The question nobody asks out loud

When people get a wrong answer from an LLM, the usual reaction is: "it hallucinated." The word implies the model made a mistake it shouldn't have made — like a reliable system that glitched. That framing is wrong, and it leads to a bad mental model for everything that follows.

The better question is: why would a language model ever be right about a specific fact?

What an LLM actually is

A large language model is trained on a massive corpus of text — web pages, books, code, forums. The training process doesn't build a database of facts. It compresses statistical patterns into billions of numerical parameters called weights.

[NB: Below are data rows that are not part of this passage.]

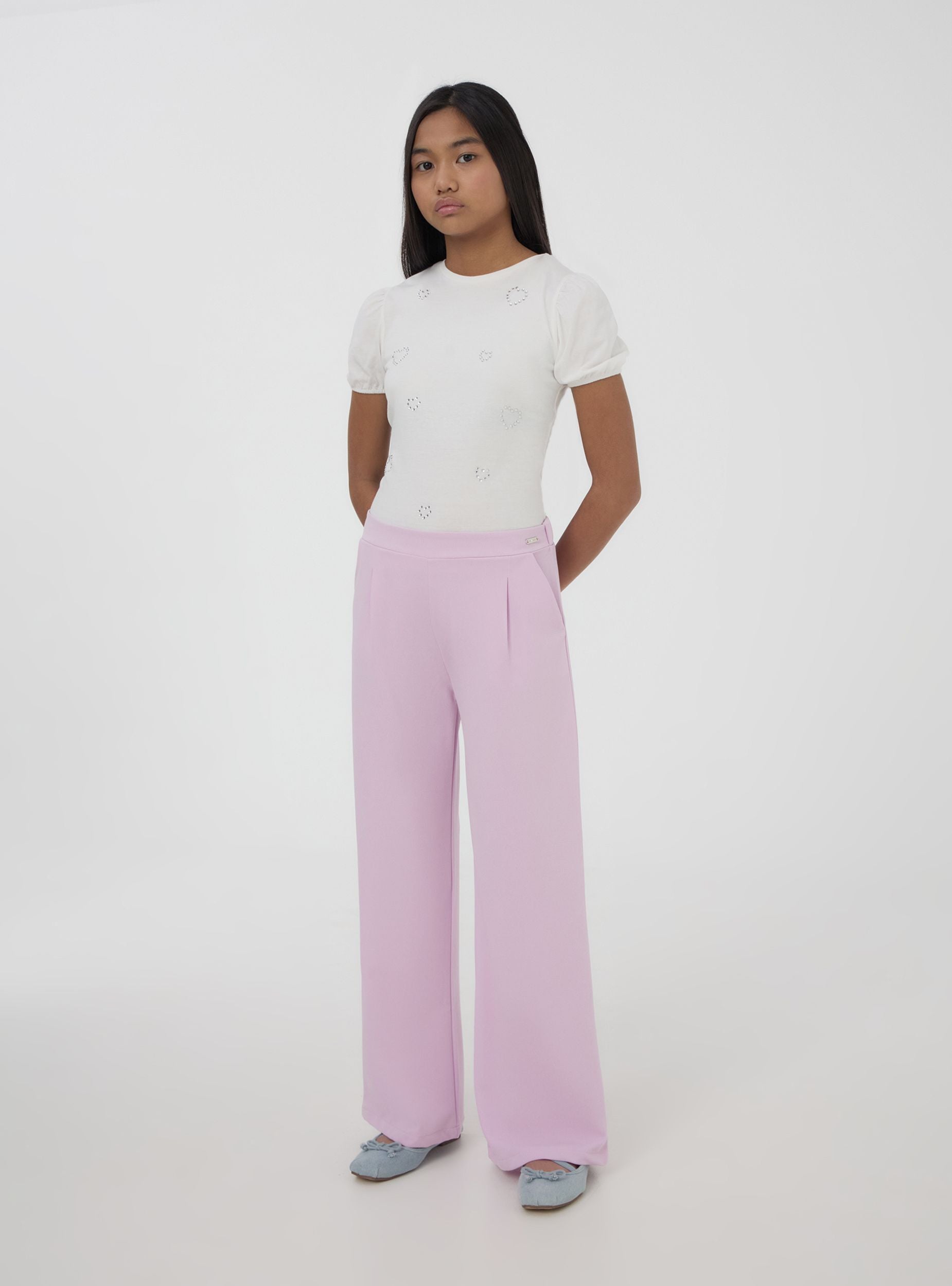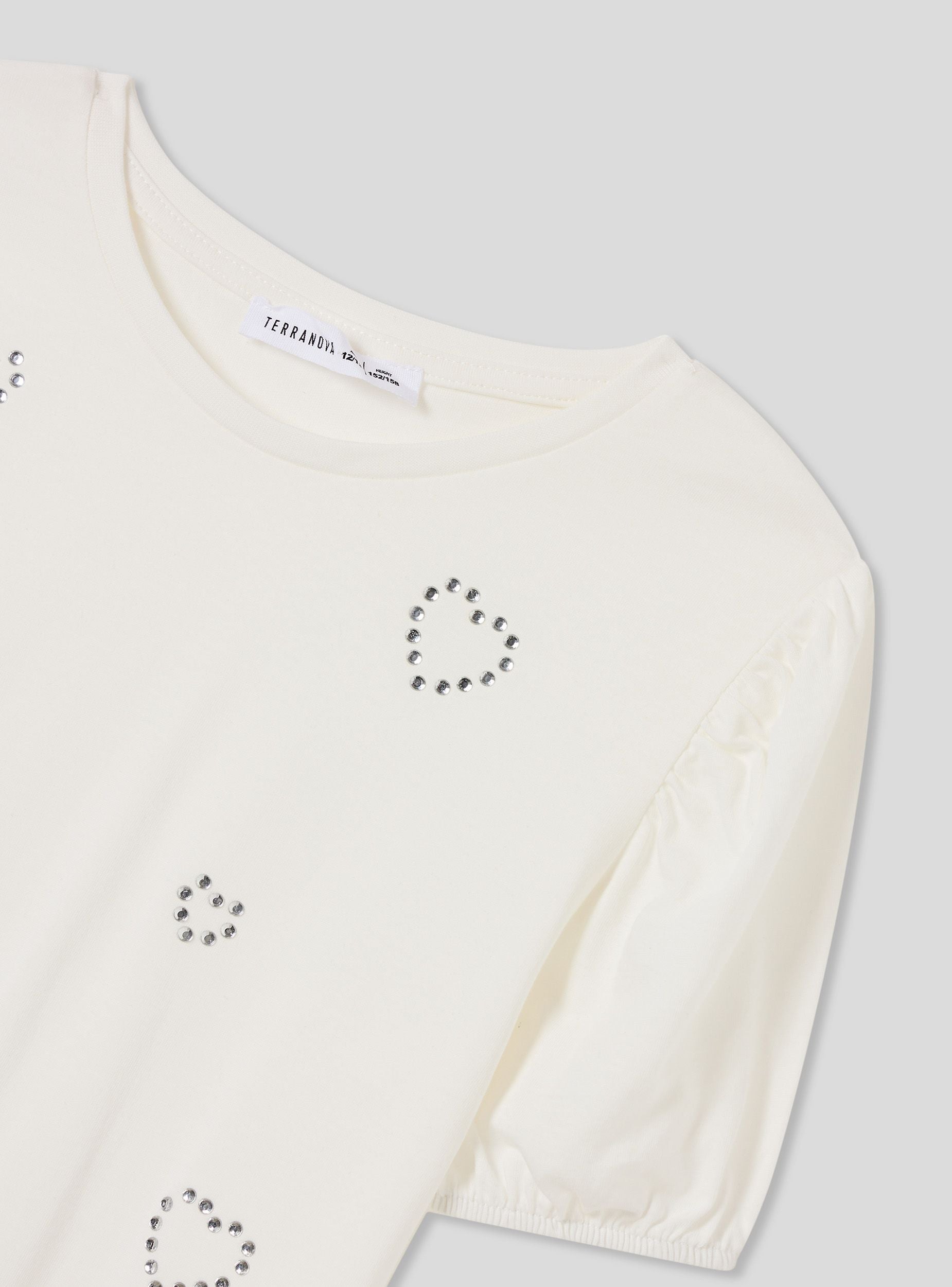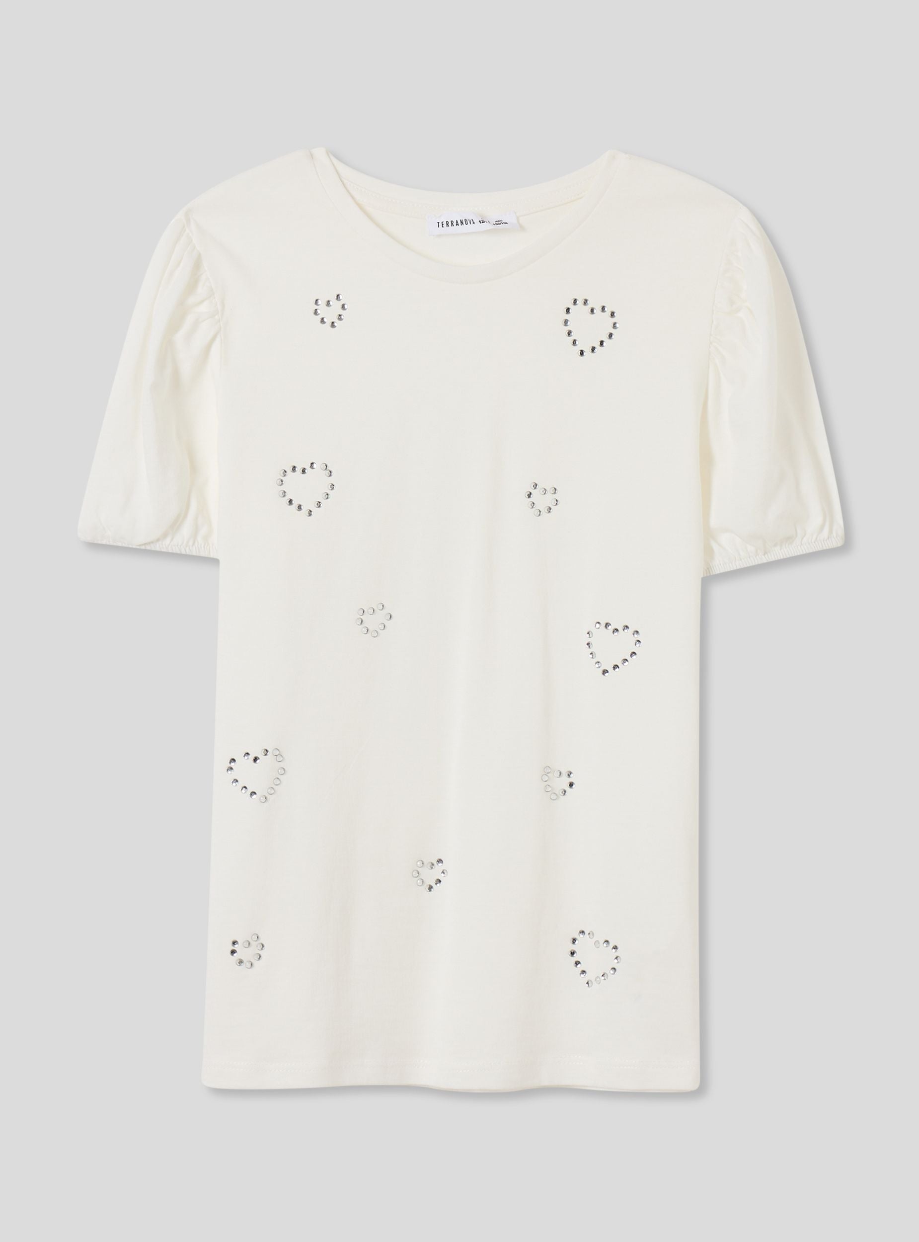 Maglietta da bambina ideale per un look brillante e vivace, perfetta per occasioni speciali o per aggiungere un tocco di stile al quotidiano. Presenta maniche corte a palloncino e un girocollo confortevole. Le applicazioni a forma di cuori impreziositi da strass regalano luminosità e originalità, rendendola unica e accattivante.
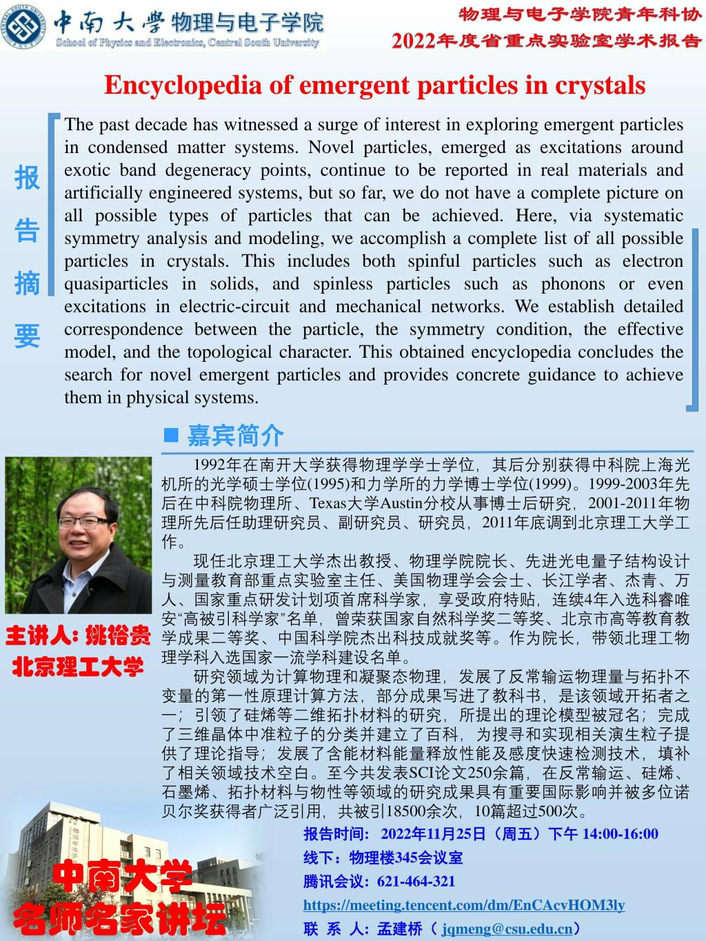 中南大学名师名家学术论坛-Encyclopedia of emergent particles in crystals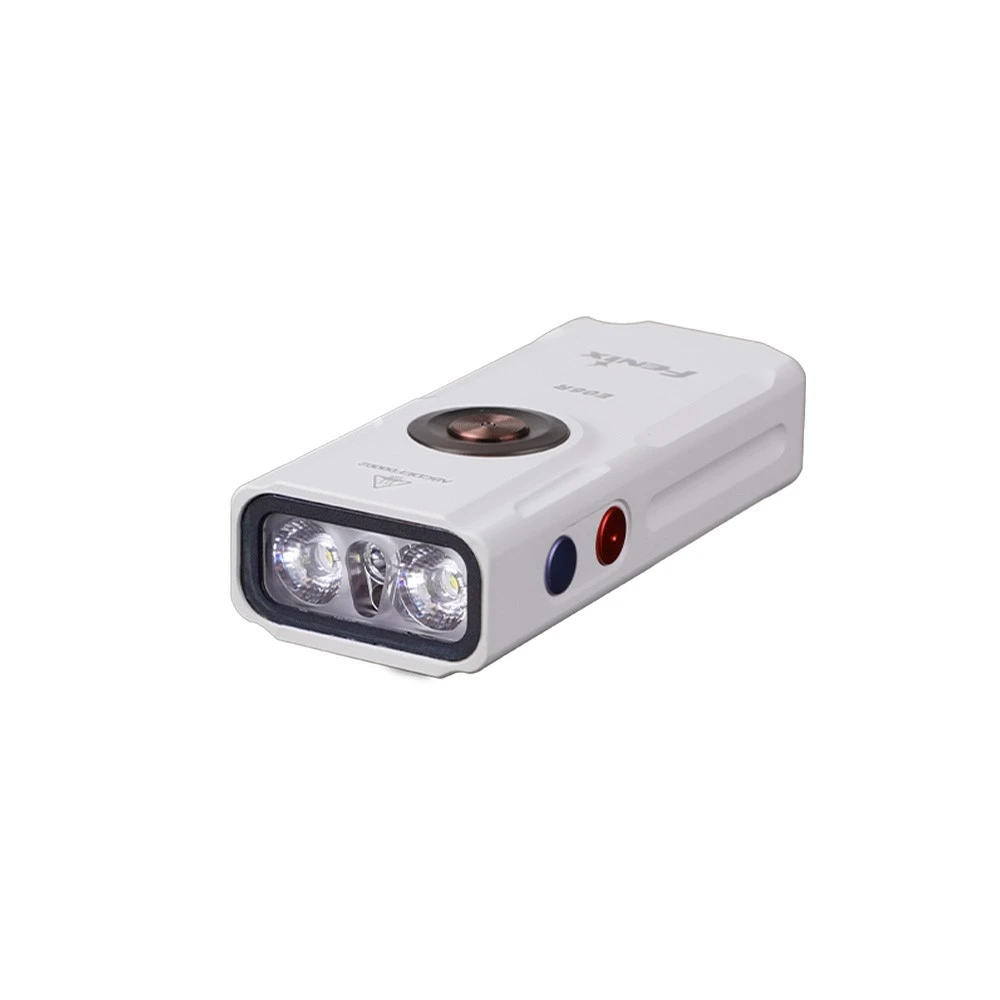 Компактный плоский корпус обеспечивает удобный захват и легкость хранения. Фонарь-брелок Fenix E06R весит всего 54 грамма и не займет много места в сумке или в кармане. Миниатюрный фонарь оснащен отверстием для брелока и клипсой, что позволяет носить его различными способами — например, закрепить на козырьке бейсболки и использовать в качестве налобного фонаря при занятиях спортом.
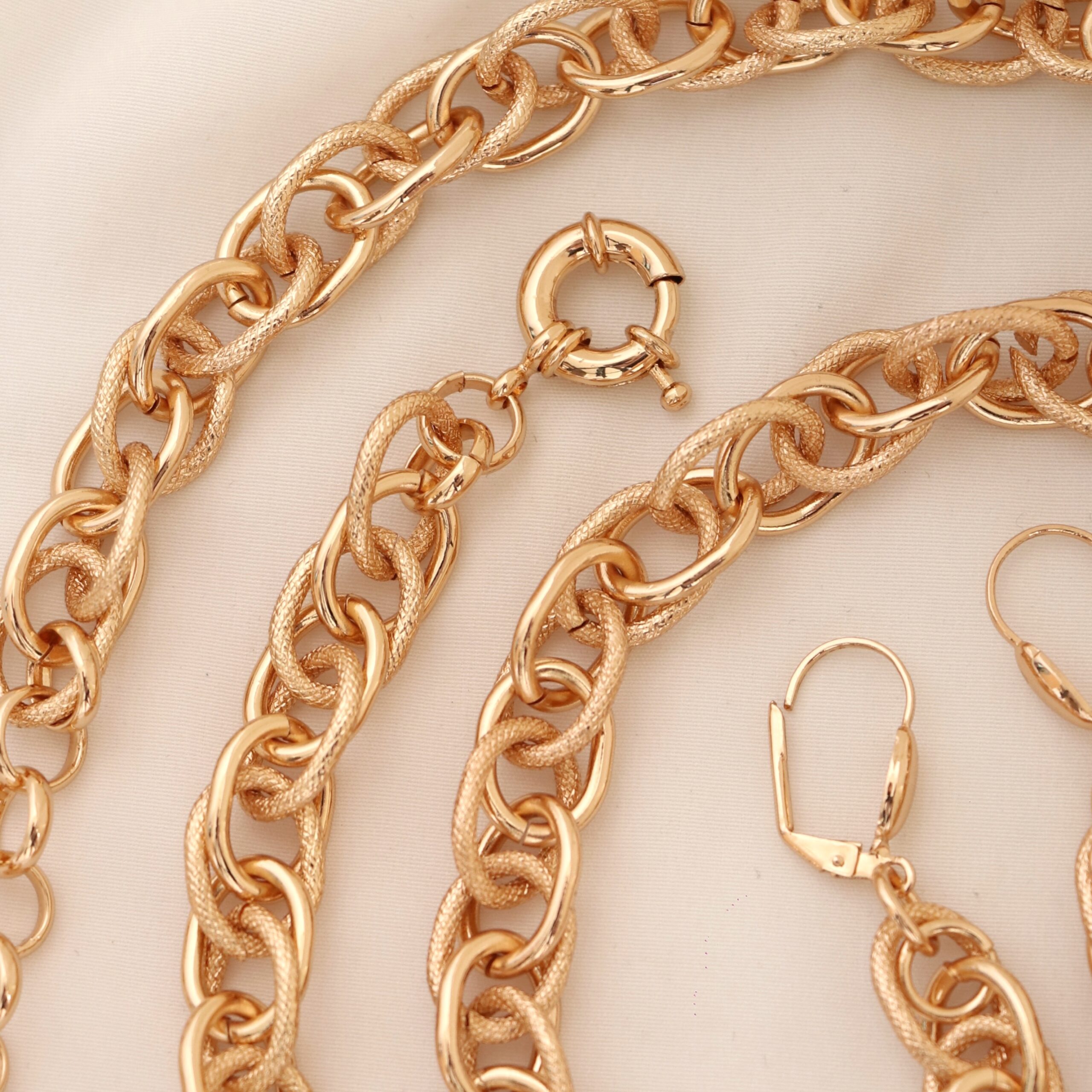 این سرویس از برند معروف دریم می باشد و سطح کار روکش طلا و آبکاری طلای قوی دارد. سرویس شامل گوشواره، گردنبند ، دستبند میباشد .برای ماندگاری بالاتر کارها لطفا مطابق کارتی که داخل بسته بندی ارسال میشود اقدام کنید. عکس این محصول بدون هیچگونه فیلتر میباشد و در نور طبیعی انجام شده است. آماده سازی و ارسال تمامی محصولات بعد از2 روز کاری بدون احتساب روز تعطیلی میباشد.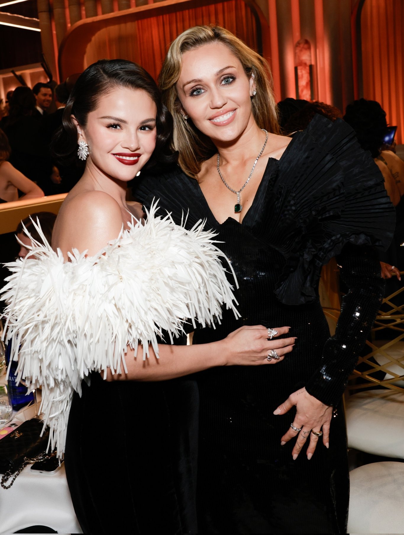 En esta edición de los Golden Globes, tanto Miley como Selena tuvieron una presencia destacada, no solo por sus looks en la alfombra roja, sino también por el impacto simbólico de esta imagen, que quedó instalada como una de las postales más recordadas de la ceremonia.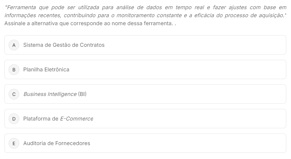 que pode ser utilizada para análise de dados em tempo real e fazer ajustes com base em informações recentes, contribuindo para monitoramento constante e a eficácia do processo de aquisição." Assinale a alternativa que corresponde ao nome dessa ferramenta. A Sistema de Gestão de Contratos B Planilha Eletrônica C Business Intelligence (BI) D Plataforma de E-Commerce E Auditoria de Fornecedores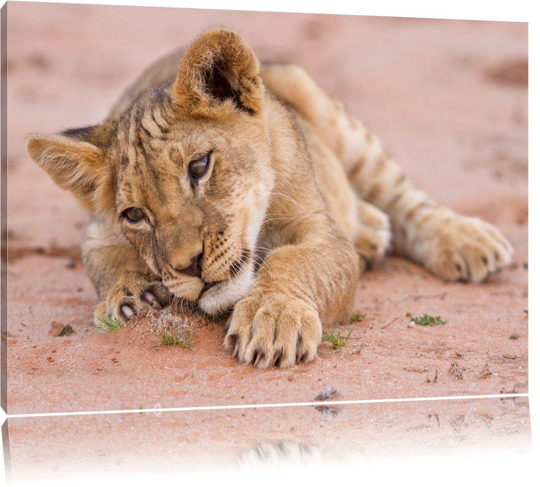 Löwenbaby spielt Format: 100x70 auf Leinwand, XXL riesige Bilder fertig gerahmt mit Keilrahmen, Kuns

When you ask a question, the model doesn't look anything up. It runs a mathematical operation over its weights and the tokens in your prompt to compute what text is most likely to come next. That's it. The mechanism is prediction, not recall.

This has a non-obvious consequence: the model can produce a fluent, confident, detailed answer about something it was never directly trained on — by interpolating from related patterns. Sometimes that interpolation is accurate. Sometimes it isn't. The model has no internal signal to tell the difference.

What changes the output

If you ask the same question twice, you may not get the same answer. Here's why:

Temperature is a parameter that controls randomness in the sampling process. At temperature 0, the model always picks the most probable next token — outputs are deterministic. At higher temperatures, lower-probability tokens get more chances to be selected. The same question becomes a probability distribution over possible answers, not a single answer.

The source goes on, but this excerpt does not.